▸ **Data for this exercise**:
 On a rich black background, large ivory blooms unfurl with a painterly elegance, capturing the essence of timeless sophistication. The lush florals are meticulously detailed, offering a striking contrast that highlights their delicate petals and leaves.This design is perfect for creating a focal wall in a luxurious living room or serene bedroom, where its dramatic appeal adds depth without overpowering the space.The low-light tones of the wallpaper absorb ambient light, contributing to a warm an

* * *

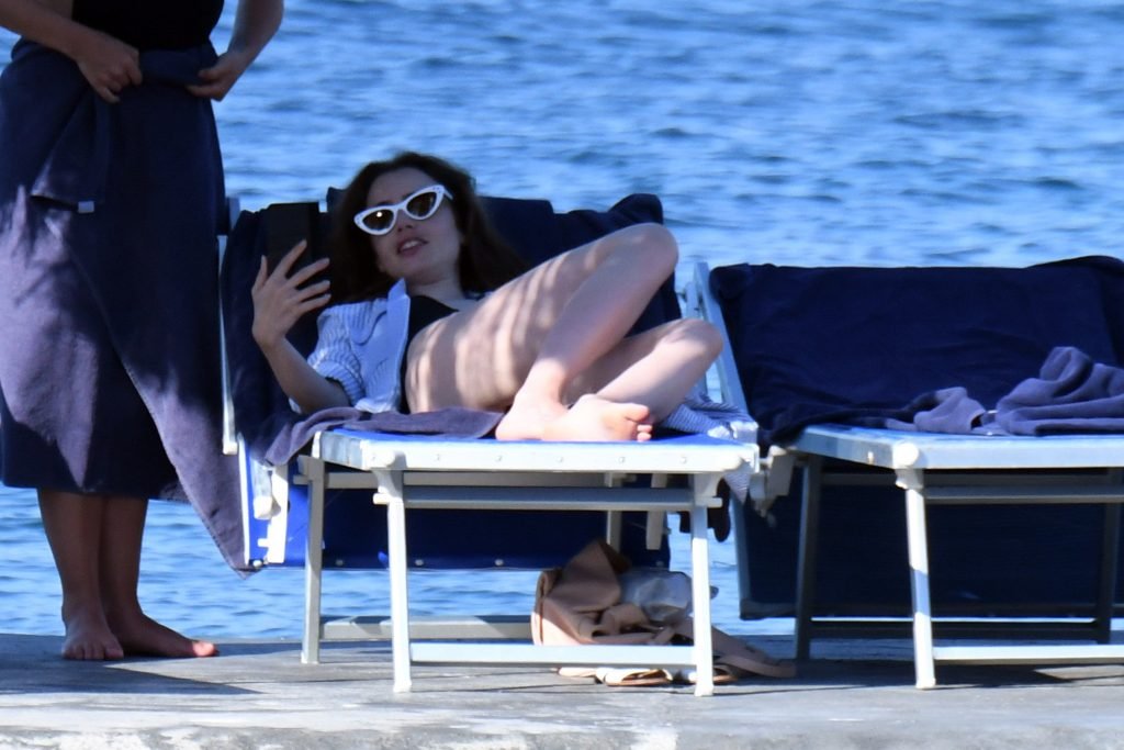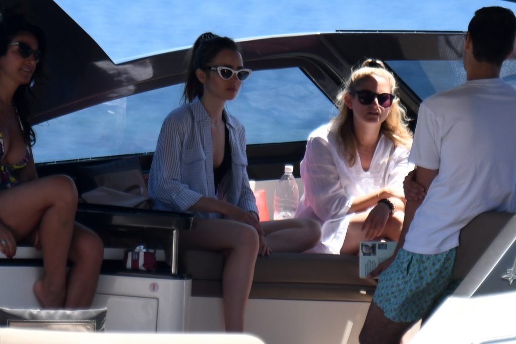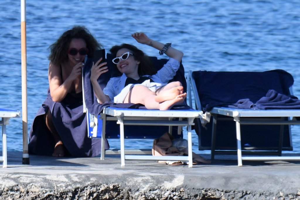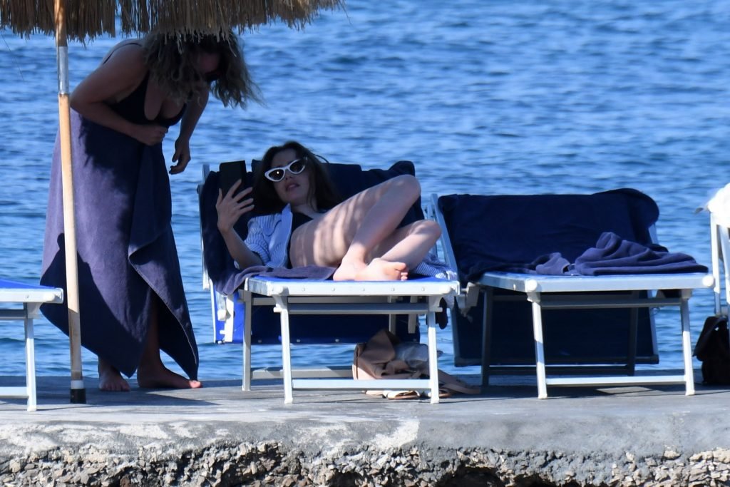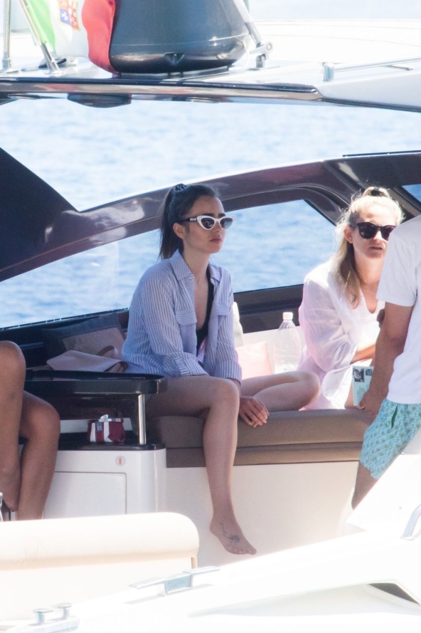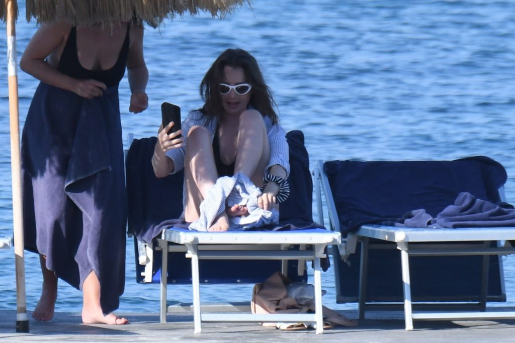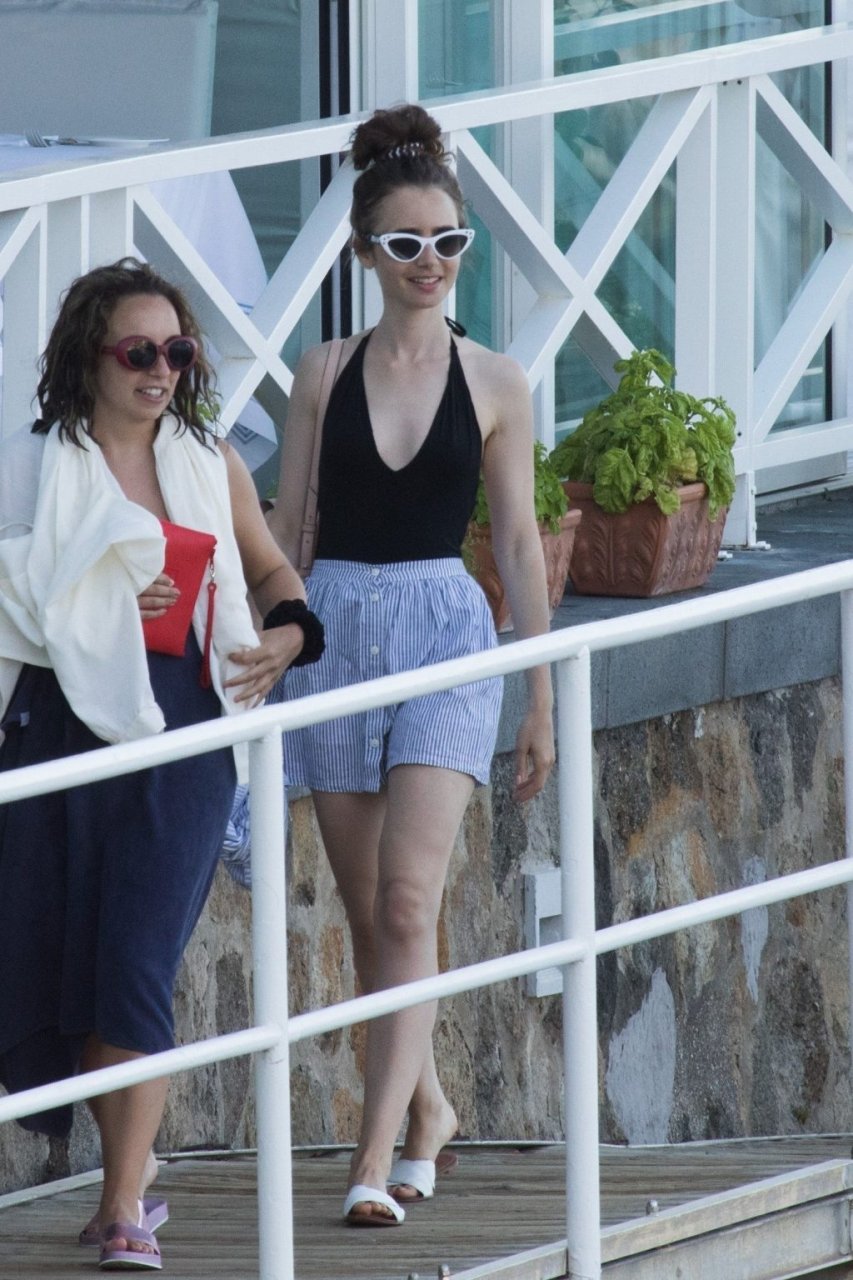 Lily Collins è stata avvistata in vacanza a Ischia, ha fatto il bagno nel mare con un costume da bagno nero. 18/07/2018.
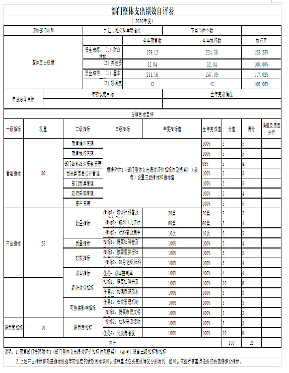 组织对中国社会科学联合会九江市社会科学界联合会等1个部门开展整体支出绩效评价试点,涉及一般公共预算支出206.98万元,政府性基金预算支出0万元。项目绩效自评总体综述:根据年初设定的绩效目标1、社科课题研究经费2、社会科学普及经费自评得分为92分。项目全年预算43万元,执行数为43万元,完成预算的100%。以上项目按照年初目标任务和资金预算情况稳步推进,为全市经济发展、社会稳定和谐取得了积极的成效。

==

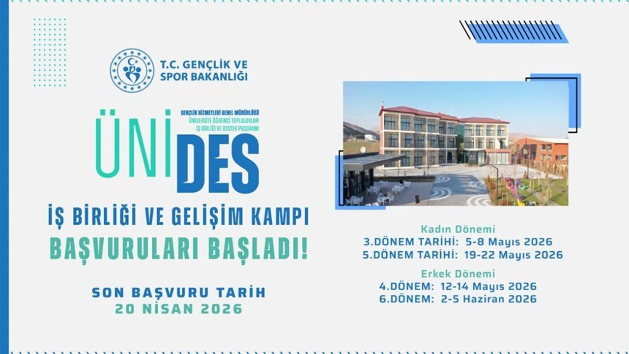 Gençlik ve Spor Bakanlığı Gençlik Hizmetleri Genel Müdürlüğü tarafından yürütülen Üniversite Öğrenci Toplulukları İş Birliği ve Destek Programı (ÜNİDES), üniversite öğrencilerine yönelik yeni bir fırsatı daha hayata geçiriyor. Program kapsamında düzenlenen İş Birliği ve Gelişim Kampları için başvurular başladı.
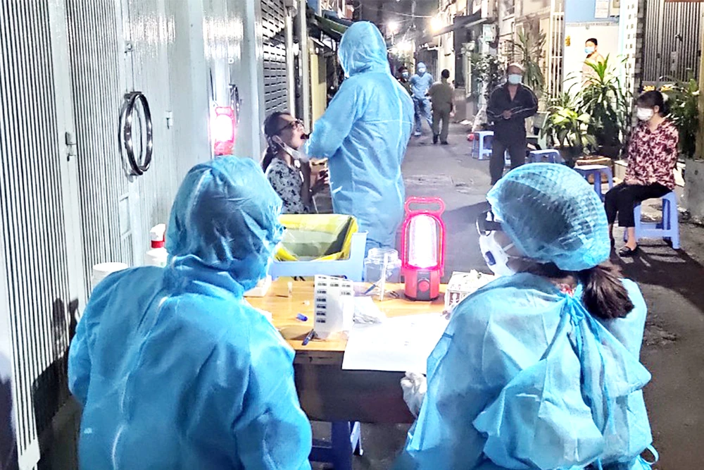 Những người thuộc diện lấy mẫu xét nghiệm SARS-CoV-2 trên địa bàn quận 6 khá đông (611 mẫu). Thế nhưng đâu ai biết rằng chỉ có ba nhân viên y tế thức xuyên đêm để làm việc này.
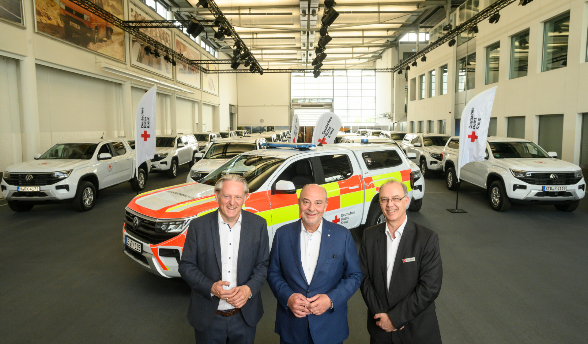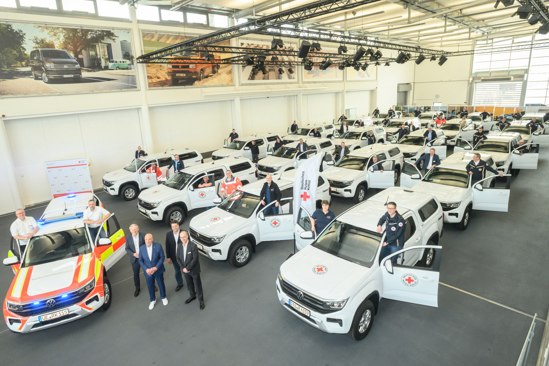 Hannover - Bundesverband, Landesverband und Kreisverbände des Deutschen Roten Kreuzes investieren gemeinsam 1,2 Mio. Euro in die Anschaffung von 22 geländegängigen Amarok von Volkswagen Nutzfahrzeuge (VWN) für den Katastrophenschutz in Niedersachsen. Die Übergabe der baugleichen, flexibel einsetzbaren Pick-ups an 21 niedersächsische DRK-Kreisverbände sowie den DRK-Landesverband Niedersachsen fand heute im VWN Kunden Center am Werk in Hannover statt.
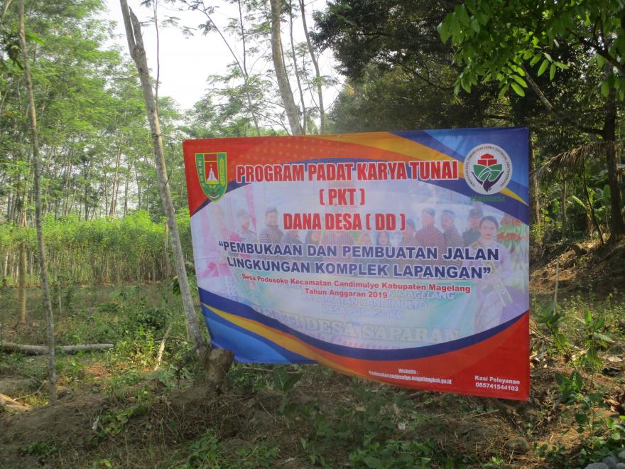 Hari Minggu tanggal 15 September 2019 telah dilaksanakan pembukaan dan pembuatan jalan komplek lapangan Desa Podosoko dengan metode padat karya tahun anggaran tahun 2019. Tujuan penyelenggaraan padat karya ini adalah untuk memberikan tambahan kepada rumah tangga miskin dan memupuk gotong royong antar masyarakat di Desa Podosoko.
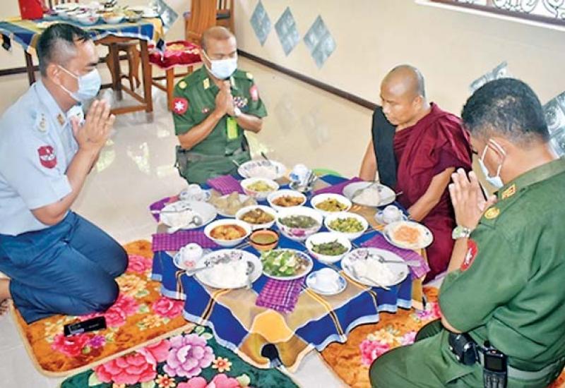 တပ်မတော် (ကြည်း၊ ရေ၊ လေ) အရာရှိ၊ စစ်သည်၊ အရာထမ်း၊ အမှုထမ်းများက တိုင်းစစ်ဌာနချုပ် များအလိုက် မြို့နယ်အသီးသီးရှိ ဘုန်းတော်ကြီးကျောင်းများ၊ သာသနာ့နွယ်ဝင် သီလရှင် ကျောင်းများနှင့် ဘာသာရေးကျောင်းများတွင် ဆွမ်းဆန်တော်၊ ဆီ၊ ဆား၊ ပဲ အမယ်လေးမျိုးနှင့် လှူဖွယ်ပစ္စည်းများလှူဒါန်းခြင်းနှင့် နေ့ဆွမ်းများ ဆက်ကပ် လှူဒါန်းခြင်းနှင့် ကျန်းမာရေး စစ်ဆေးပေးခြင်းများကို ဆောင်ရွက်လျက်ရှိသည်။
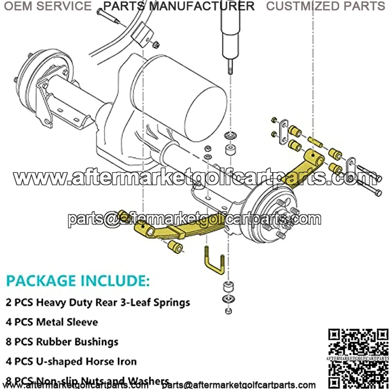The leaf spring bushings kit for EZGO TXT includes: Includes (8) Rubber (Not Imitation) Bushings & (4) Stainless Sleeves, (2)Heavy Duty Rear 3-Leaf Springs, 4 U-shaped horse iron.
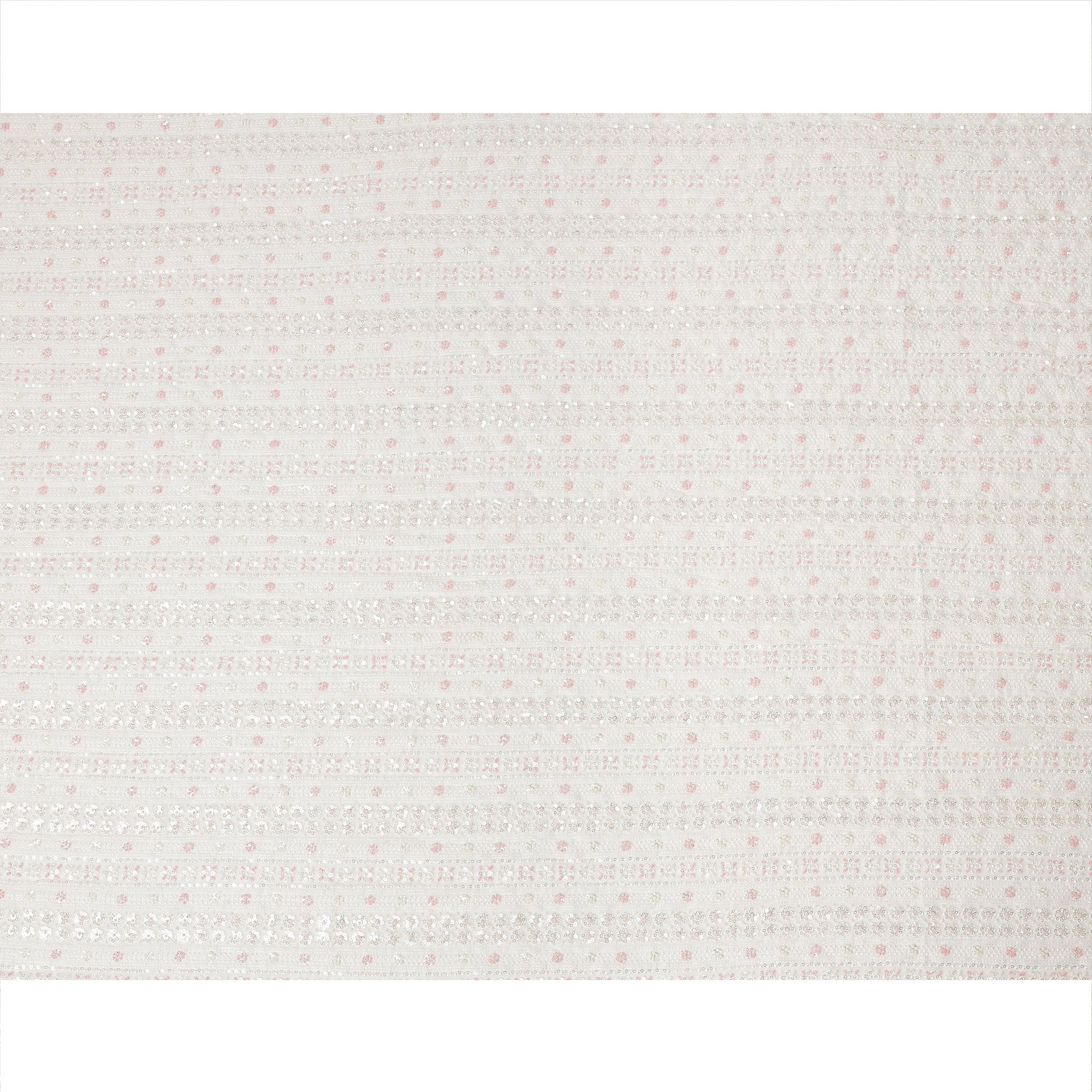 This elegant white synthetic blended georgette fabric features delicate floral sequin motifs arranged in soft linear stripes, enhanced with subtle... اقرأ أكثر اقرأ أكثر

▸ **Directions**:
Everything from the line with "Hannover - Bundesverband, Landesverband" through the line with "Hari Minggu tanggal" in the material above should be transcribed exactly, except the pictures.

▸ **Solution below**:
 Hannover - Bundesverband, Landesverband und Kreisverbände des Deutschen Roten Kreuzes investieren gemeinsam 1,2 Mio. Euro in die Anschaffung von 22 geländegängigen Amarok von Volkswagen Nutzfahrzeuge (VWN) für den Katastrophenschutz in Niedersachsen. Die Übergabe der baugleichen, flexibel einsetzbaren Pick-ups an 21 niedersächsische DRK-Kreisverbände sowie den DRK-Landesverband Niedersachsen fand heute im VWN Kunden Center am Werk in Hannover statt.
 Hari Minggu tanggal 15 September 2019 telah dilaksanakan pembukaan dan pembuatan jalan komplek lapangan Desa Podosoko dengan metode padat karya tahun anggaran tahun 2019. Tujuan penyelenggaraan padat karya ini adalah untuk memberikan tambahan kepada rumah tangga miskin dan memupuk gotong royong antar masyarakat di Desa Podosoko.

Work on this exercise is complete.